PROBLEM => Starting at the line containing "是一款不過於甜膩、成熟可愛的毛絨圍巾!" and ending at the line containing "Crispy Duck Wings", transcribe the listing below exactly. Keep both end lines, skip the pictures, and copy nothing else.

SUPPLIED MATERIAL =>
+ + + + + + +

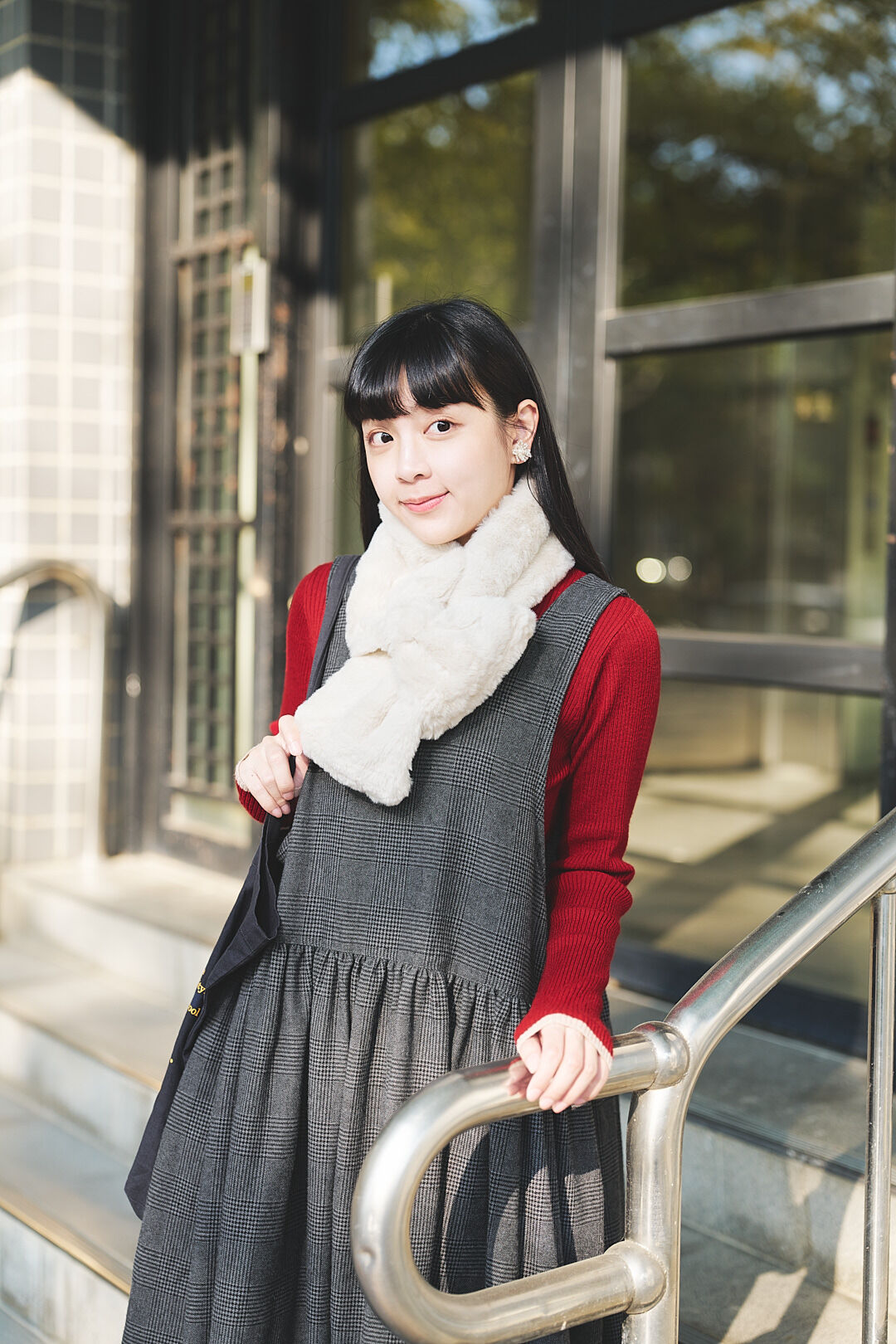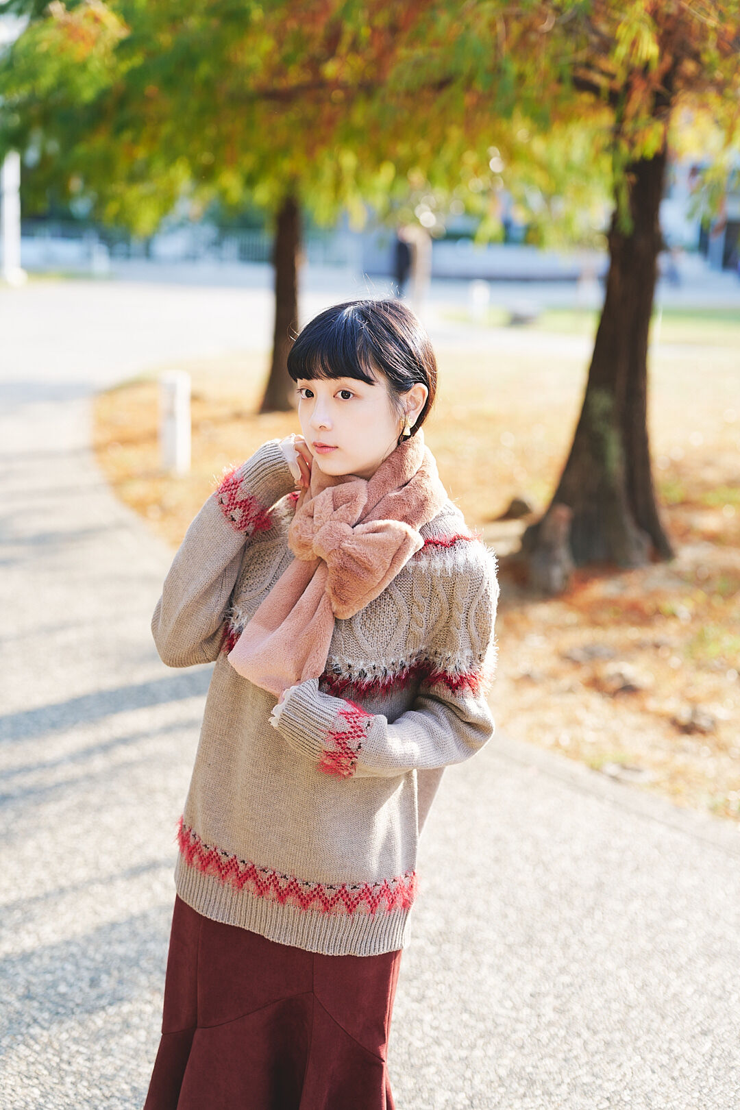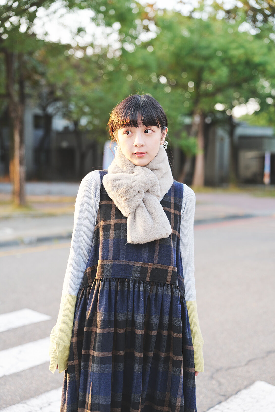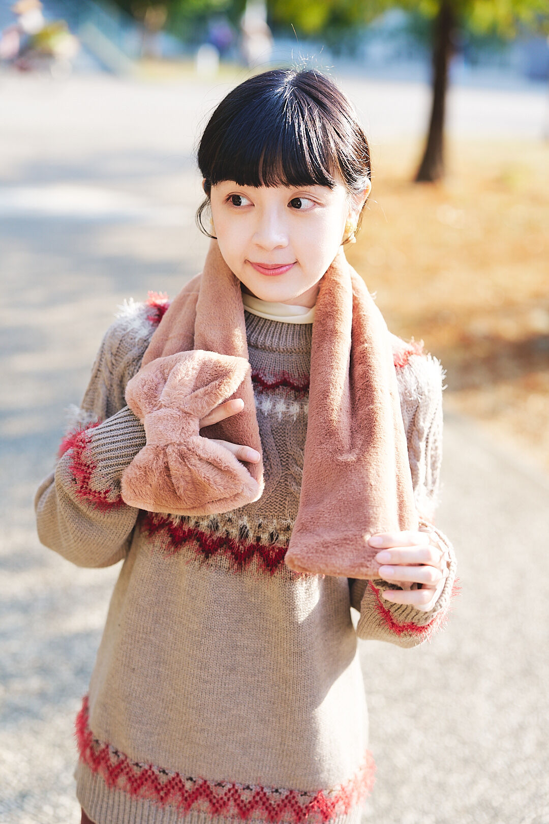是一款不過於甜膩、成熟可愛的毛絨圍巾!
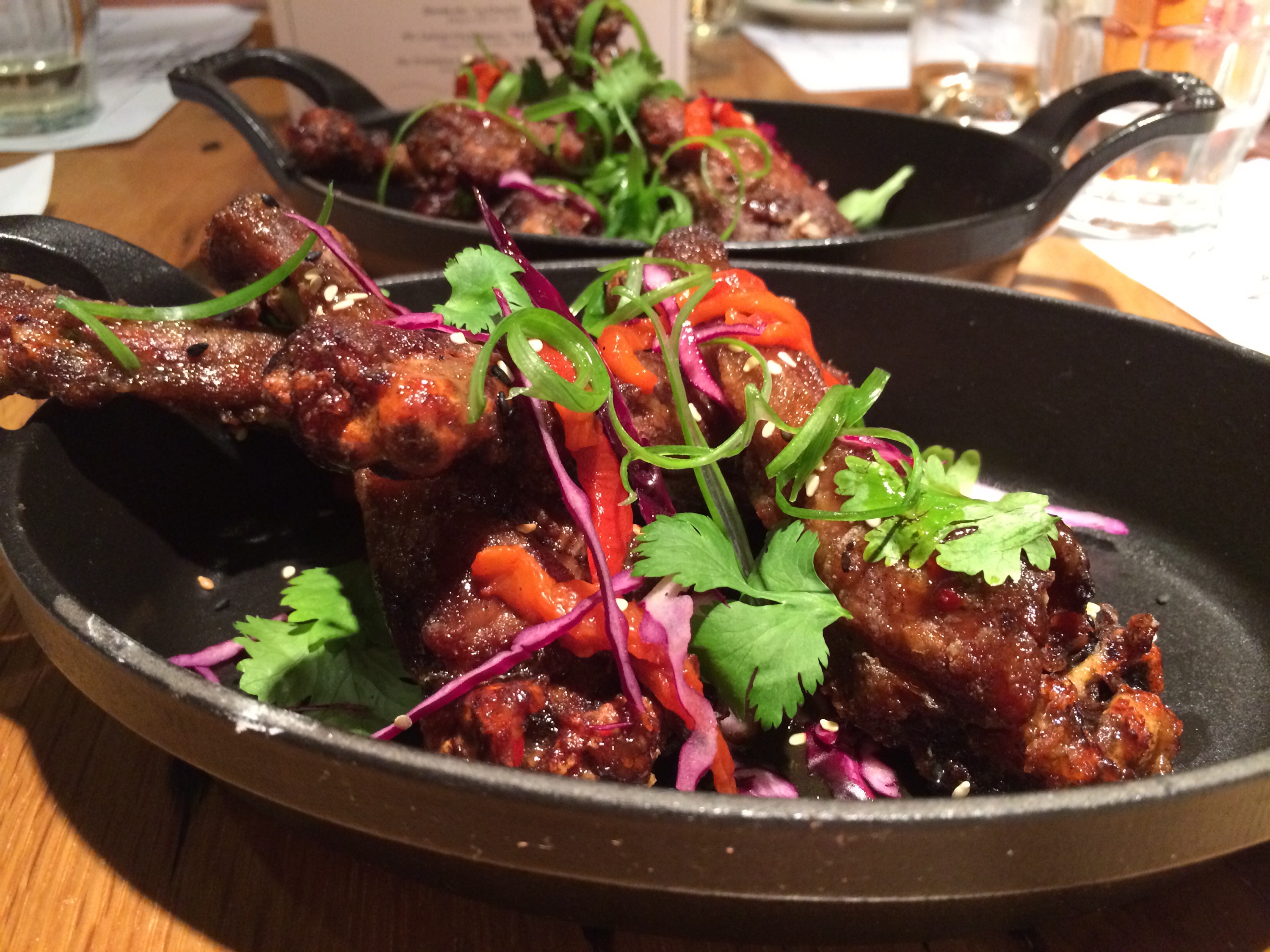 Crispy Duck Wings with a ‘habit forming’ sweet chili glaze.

+ + + + + + +

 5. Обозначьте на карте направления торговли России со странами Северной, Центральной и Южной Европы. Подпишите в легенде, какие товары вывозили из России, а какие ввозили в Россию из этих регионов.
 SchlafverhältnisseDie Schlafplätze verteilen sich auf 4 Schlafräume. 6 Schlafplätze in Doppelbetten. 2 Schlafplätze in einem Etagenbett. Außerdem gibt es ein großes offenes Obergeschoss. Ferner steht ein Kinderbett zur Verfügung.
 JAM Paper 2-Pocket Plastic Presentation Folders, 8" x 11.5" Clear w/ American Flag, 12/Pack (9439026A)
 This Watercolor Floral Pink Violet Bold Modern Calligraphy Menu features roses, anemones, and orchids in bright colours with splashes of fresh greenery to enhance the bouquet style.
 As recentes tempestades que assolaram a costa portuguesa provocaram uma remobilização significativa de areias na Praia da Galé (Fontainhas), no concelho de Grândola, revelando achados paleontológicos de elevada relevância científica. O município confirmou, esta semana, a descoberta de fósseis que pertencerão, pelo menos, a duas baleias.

+ + + + + + +

RESPONSE AREA =>
是一款不過於甜膩、成熟可愛的毛絨圍巾!
 Crispy Duck Wings with a ‘habit forming’ sweet chili glaze.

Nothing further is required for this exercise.